- [Your instructions]: Make an exact copy of the records below, excluding images.

- [Task input]:

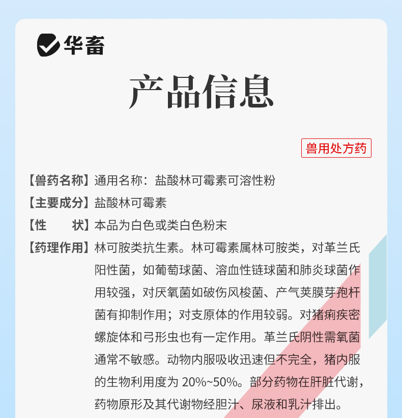 华畜兽药 盐酸林可霉素可溶性粉 采用进口助溶剂 吸收更好 药效更强
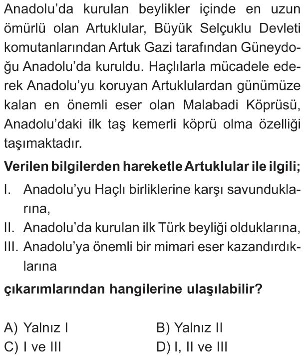 6. Sınıf XI-XIII. Yüzyıllar Arasında Meydana Gelen Askerî Mücadelelerin Anadolu'nun Türkleşmesi ve İslamlaşmasına Katkıları Test 2
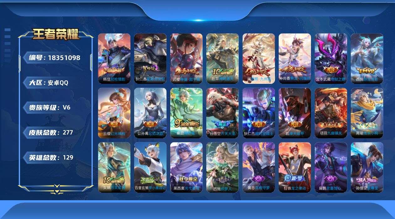 【mwz251】安卓Q-V8-最强王者段位-128英雄-336皮肤-1典藏皮肤
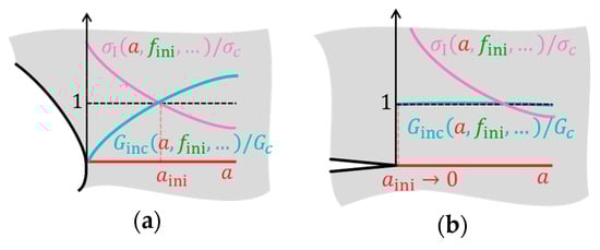 For a sharp crack, as depicted in Figure 4b, CC approaches the linear elastic fracture mechanics. At the crack tip, the stress approaches infinity; hence, the stress criterion is always fulfilled. The incremental energy release rate is constant, because, after the crack grows by some , it is still a crack with similar loading conditions. Consequently, a crack will “initiate” or grow with a very small increment . The incremental energy release rate is computed from the strain energy and approaches the energy release rate known from fracture mechanics:
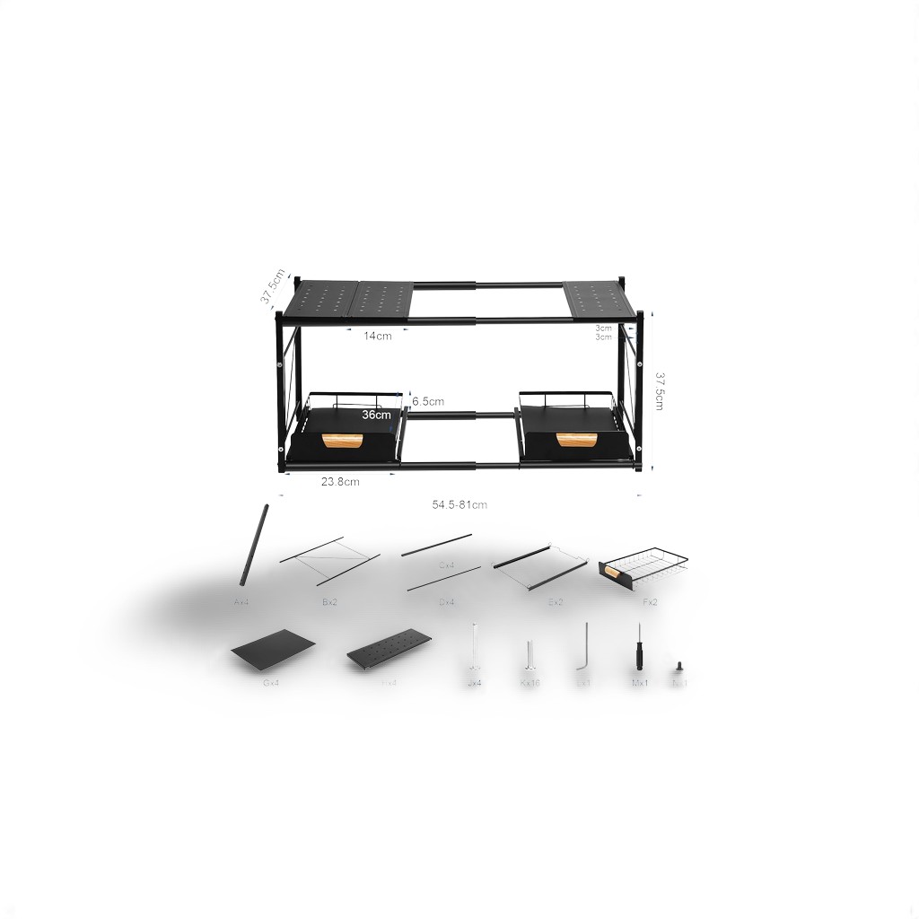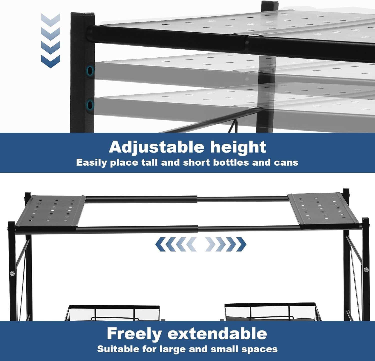 Design réglable en longueur et en hauteur : l’organiseur de meuble sous évier mesure 54,5 x 37,5 x 37,5 cm L x l x H et la longueur peut être réglée de 54,8 cm à 81 cm de manière télescopique Le tiroir inférieur peut contenir des bouteilles de 36 cm de haut, ce qui peut utiliser efficacement l’espace vertical pour ranger les produits de nettoyage, les aliments, les cosmétiques, etc.
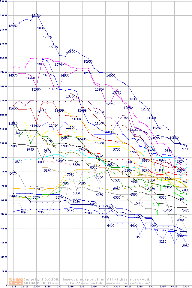 CPU主要製品(最安値1万円~2万円未満)の最安値推移
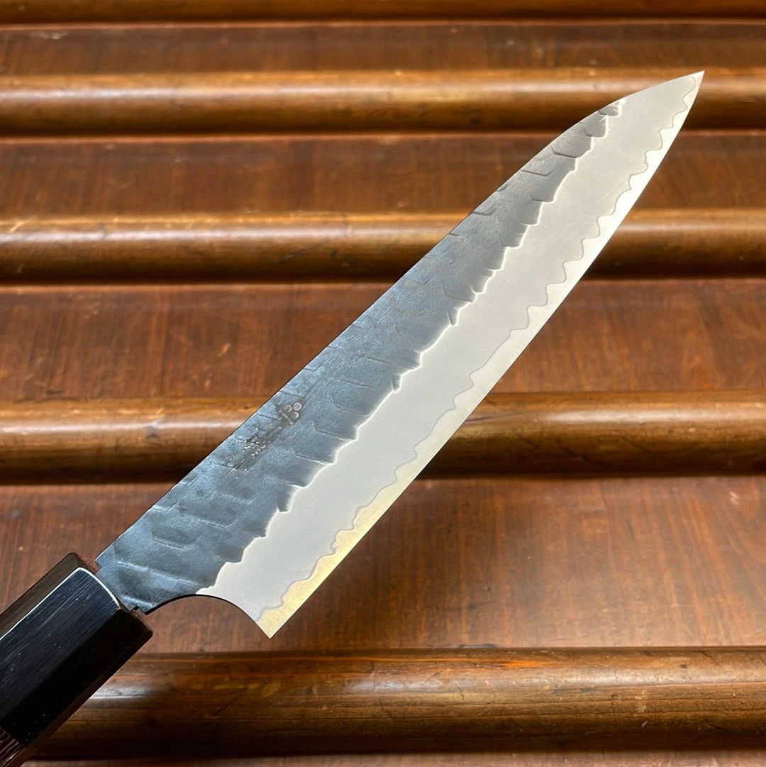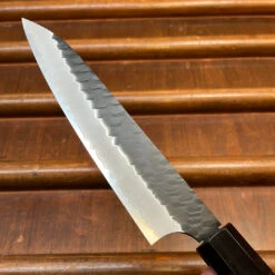 Forged stainless clad SG2 powder metal with hammer marked ‘tsuchime cladding and octagonal wenge handle. SG2 takes a very fine edge easily for a stainless steel of its hardness (63/64) and holds it nicely.
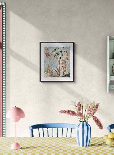 Acrylique, technique mixte, inclusion de matières végétales et minérales
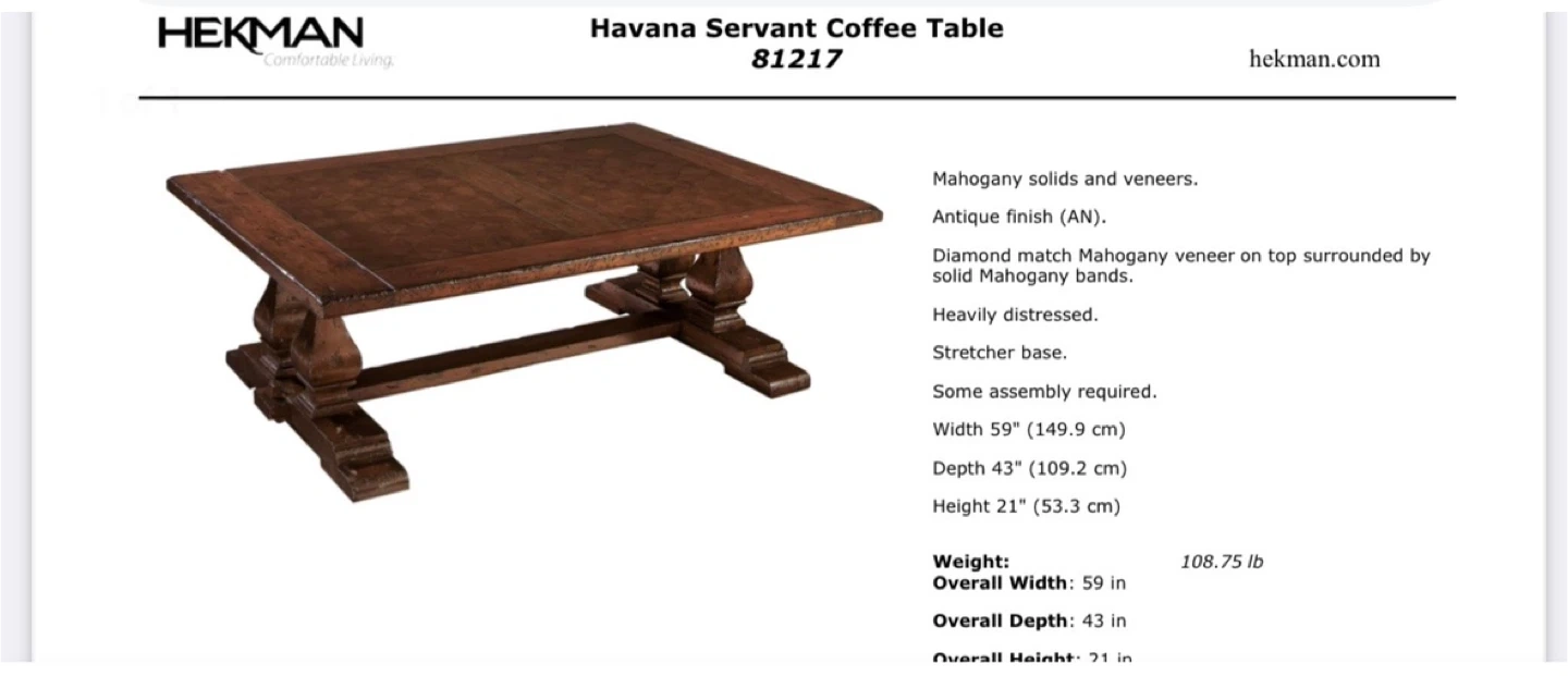 Selling a Hekman Havana Servant Coffee Table. It's made of mahogany solids and veneers with an antique finish. The top has a diamond match mahogany veneer surrounded by solid mahogany bands. The table is heavily distressed and features a stretcher base. Dimensions are approximately 59" wide, 43" deep, and 21" high
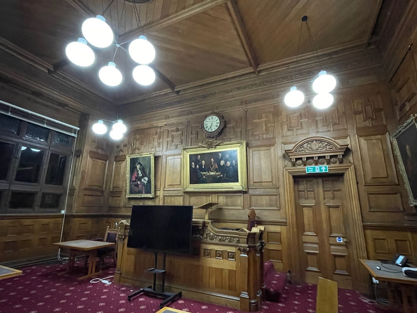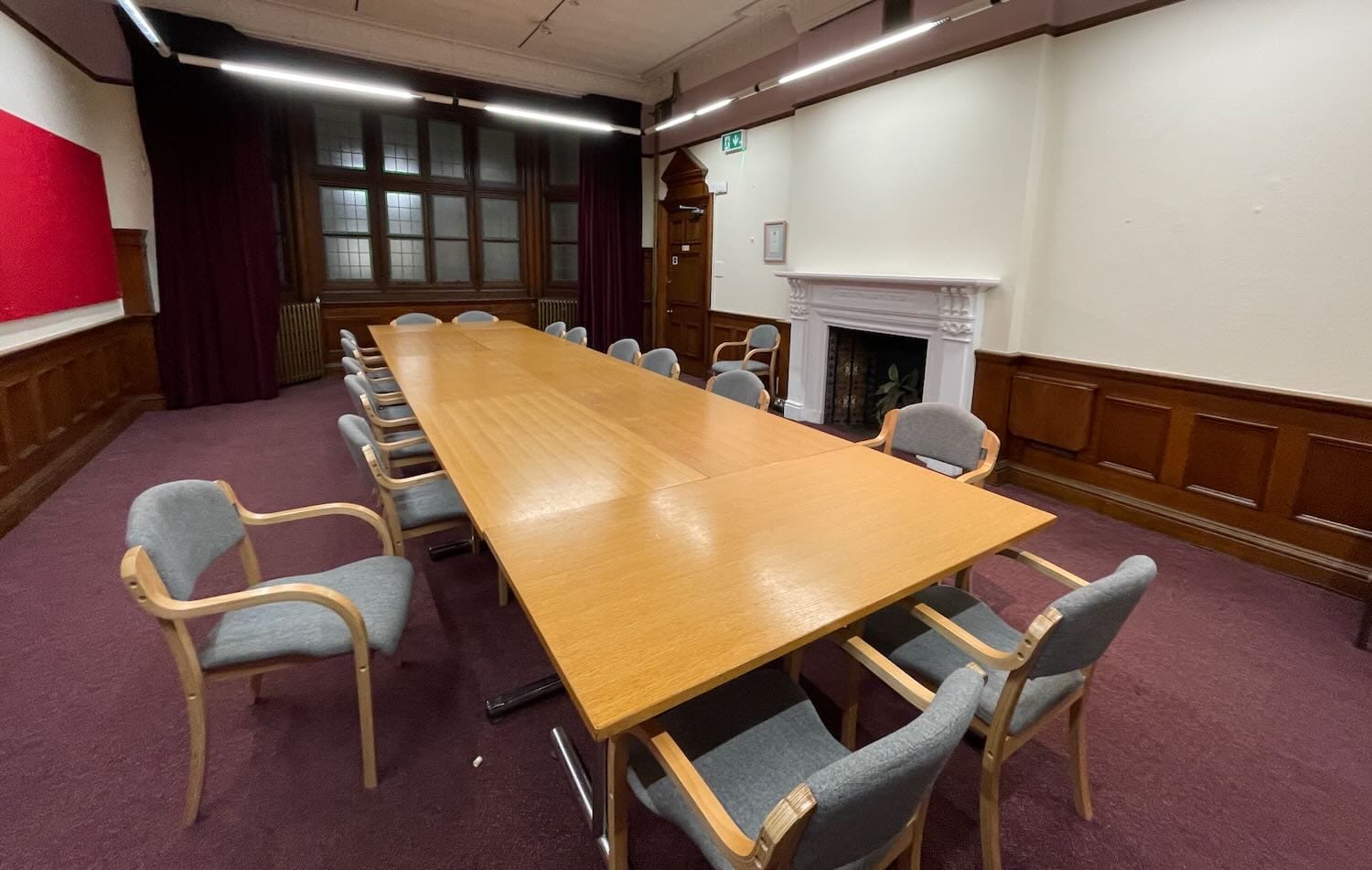 Among the rooms for hire is the atmospheric wood-panelled chamber on the first floor with a high ceiling and ornately-carved raised area.
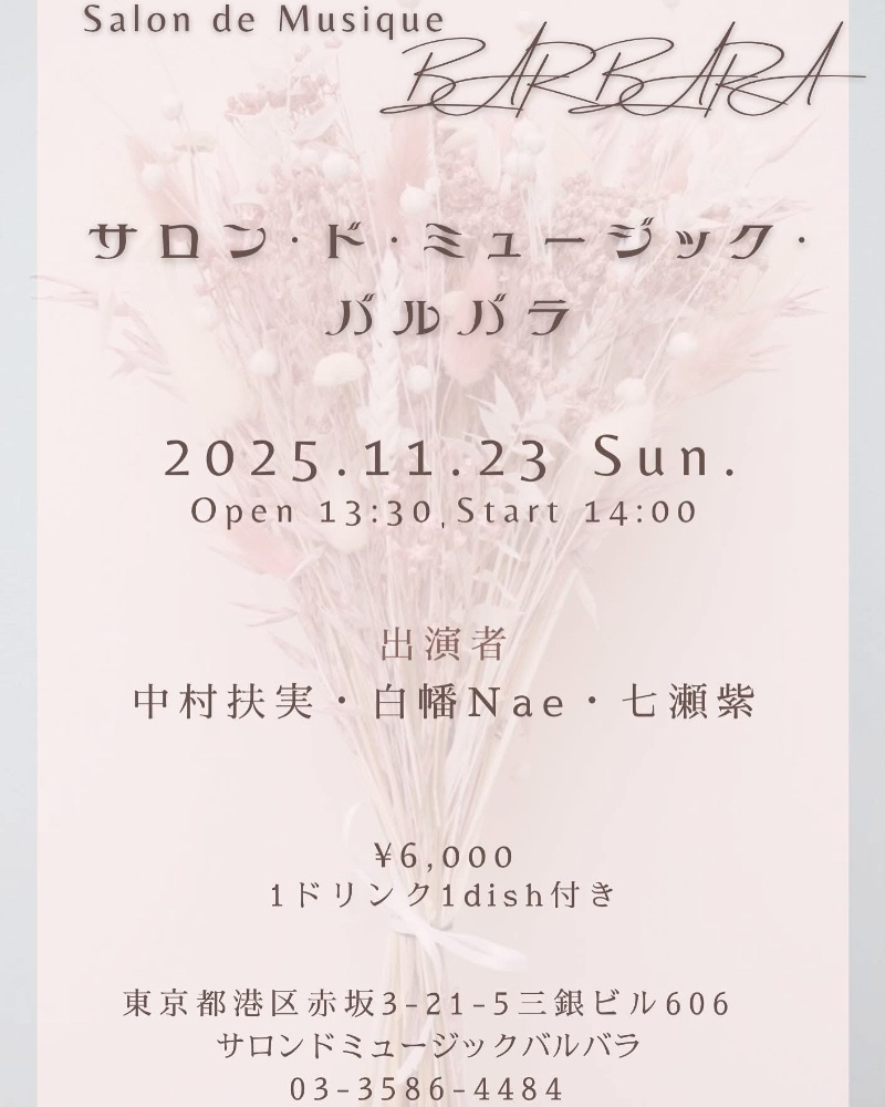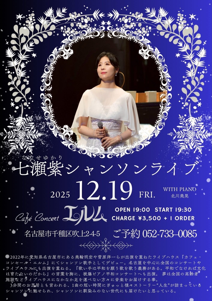 七瀬 紫 (ななせ ゆかり) 2022年に愛知県名古屋市にある 『カフェ・コンセール・工 ルム』にてシャンソン歌手としてデビュー。小学生と幼稚園 児の兄弟を育てながら名古屋を中心に活動する。夢は全国の 高齢者施設や福祉施設など、ライブハウスになかなか来られ ない方々に音楽をお届けする事。2023年には高齢者施設や 小学校でのボランティアステージを開催した。
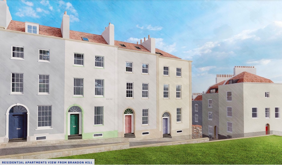 The proposed design of the new buildings on Queen’s Parade as seen from Brandon Hill – image: Angus Meak Architects

- [Answer]:
 华畜兽药 盐酸林可霉素可溶性粉 采用进口助溶剂 吸收更好 药效更强
 6. Sınıf XI-XIII. Yüzyıllar Arasında Meydana Gelen Askerî Mücadelelerin Anadolu'nun Türkleşmesi ve İslamlaşmasına Katkıları Test 2
 【mwz251】安卓Q-V8-最强王者段位-128英雄-336皮肤-1典藏皮肤
 For a sharp crack, as depicted in Figure 4b, CC approaches the linear elastic fracture mechanics. At the crack tip, the stress approaches infinity; hence, the stress criterion is always fulfilled. The incremental energy release rate is constant, because, after the crack grows by some , it is still a crack with similar loading conditions. Consequently, a crack will “initiate” or grow with a very small increment . The incremental energy release rate is computed from the strain energy and approaches the energy release rate known from fracture mechanics:
 Design réglable en longueur et en hauteur : l’organiseur de meuble sous évier mesure 54,5 x 37,5 x 37,5 cm L x l x H et la longueur peut être réglée de 54,8 cm à 81 cm de manière télescopique Le tiroir inférieur peut contenir des bouteilles de 36 cm de haut, ce qui peut utiliser efficacement l’espace vertical pour ranger les produits de nettoyage, les aliments, les cosmétiques, etc.
 CPU主要製品(最安値1万円~2万円未満)の最安値推移
 Forged stainless clad SG2 powder metal with hammer marked ‘tsuchime cladding and octagonal wenge handle. SG2 takes a very fine edge easily for a stainless steel of its hardness (63/64) and holds it nicely.
 Acrylique, technique mixte, inclusion de matières végétales et minérales
 Selling a Hekman Havana Servant Coffee Table. It's made of mahogany solids and veneers with an antique finish. The top has a diamond match mahogany veneer surrounded by solid mahogany bands. The table is heavily distressed and features a stretcher base. Dimensions are approximately 59" wide, 43" deep, and 21" high
 Among the rooms for hire is the atmospheric wood-panelled chamber on the first floor with a high ceiling and ornately-carved raised area.
 七瀬 紫 (ななせ ゆかり) 2022年に愛知県名古屋市にある 『カフェ・コンセール・工 ルム』にてシャンソン歌手としてデビュー。小学生と幼稚園 児の兄弟を育てながら名古屋を中心に活動する。夢は全国の 高齢者施設や福祉施設など、ライブハウスになかなか来られ ない方々に音楽をお届けする事。2023年には高齢者施設や 小学校でのボランティアステージを開催した。
 The proposed design of the new buildings on Queen’s Parade as seen from Brandon Hill – image: Angus Meak Architects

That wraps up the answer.